Data records ->
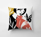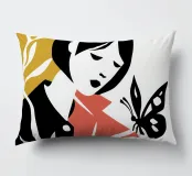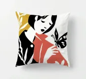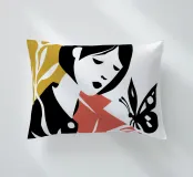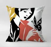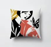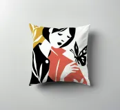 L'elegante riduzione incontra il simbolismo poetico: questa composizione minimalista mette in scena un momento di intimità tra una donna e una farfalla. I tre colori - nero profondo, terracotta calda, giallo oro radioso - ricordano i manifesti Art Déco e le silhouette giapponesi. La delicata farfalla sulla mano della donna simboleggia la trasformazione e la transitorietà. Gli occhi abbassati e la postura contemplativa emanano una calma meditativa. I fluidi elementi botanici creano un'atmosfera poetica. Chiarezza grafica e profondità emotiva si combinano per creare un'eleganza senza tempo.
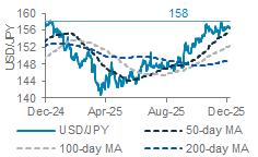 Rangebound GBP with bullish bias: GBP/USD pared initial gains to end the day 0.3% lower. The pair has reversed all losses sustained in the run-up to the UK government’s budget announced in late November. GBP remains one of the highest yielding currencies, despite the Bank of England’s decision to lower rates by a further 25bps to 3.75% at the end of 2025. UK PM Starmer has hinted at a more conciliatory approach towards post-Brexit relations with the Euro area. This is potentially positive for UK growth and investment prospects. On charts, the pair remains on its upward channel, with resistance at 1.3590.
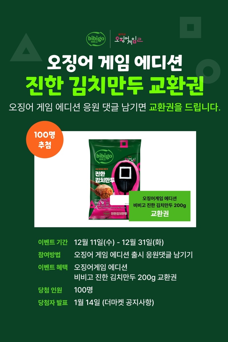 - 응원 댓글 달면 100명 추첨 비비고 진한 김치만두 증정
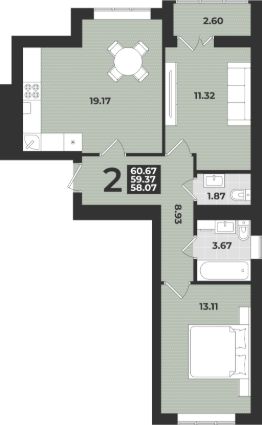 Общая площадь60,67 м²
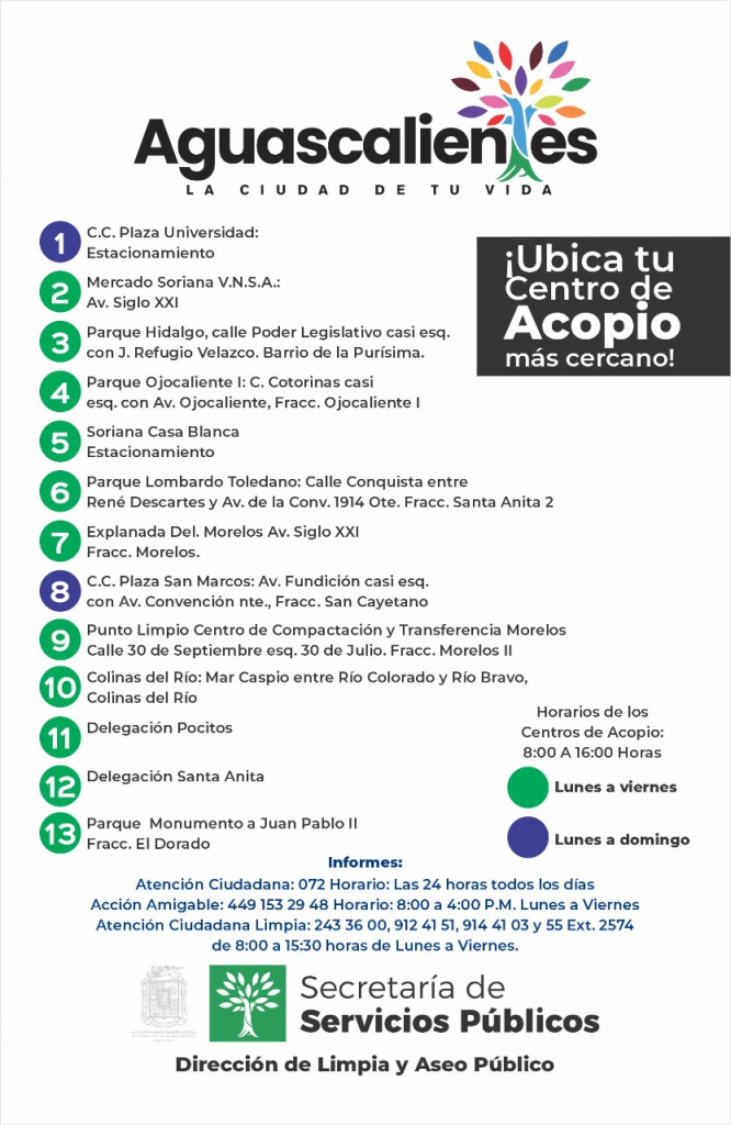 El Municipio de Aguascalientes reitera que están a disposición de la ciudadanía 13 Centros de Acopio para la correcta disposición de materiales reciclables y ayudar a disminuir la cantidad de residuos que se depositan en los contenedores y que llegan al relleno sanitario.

Work item ->
Where the data contains images, drop them and print the rest exactly.

Result of this exercise ->
 L'elegante riduzione incontra il simbolismo poetico: questa composizione minimalista mette in scena un momento di intimità tra una donna e una farfalla. I tre colori - nero profondo, terracotta calda, giallo oro radioso - ricordano i manifesti Art Déco e le silhouette giapponesi. La delicata farfalla sulla mano della donna simboleggia la trasformazione e la transitorietà. Gli occhi abbassati e la postura contemplativa emanano una calma meditativa. I fluidi elementi botanici creano un'atmosfera poetica. Chiarezza grafica e profondità emotiva si combinano per creare un'eleganza senza tempo.
 Rangebound GBP with bullish bias: GBP/USD pared initial gains to end the day 0.3% lower. The pair has reversed all losses sustained in the run-up to the UK government’s budget announced in late November. GBP remains one of the highest yielding currencies, despite the Bank of England’s decision to lower rates by a further 25bps to 3.75% at the end of 2025. UK PM Starmer has hinted at a more conciliatory approach towards post-Brexit relations with the Euro area. This is potentially positive for UK growth and investment prospects. On charts, the pair remains on its upward channel, with resistance at 1.3590.
 - 응원 댓글 달면 100명 추첨 비비고 진한 김치만두 증정
 Общая площадь60,67 м²
 El Municipio de Aguascalientes reitera que están a disposición de la ciudadanía 13 Centros de Acopio para la correcta disposición de materiales reciclables y ayudar a disminuir la cantidad de residuos que se depositan en los contenedores y que llegan al relleno sanitario.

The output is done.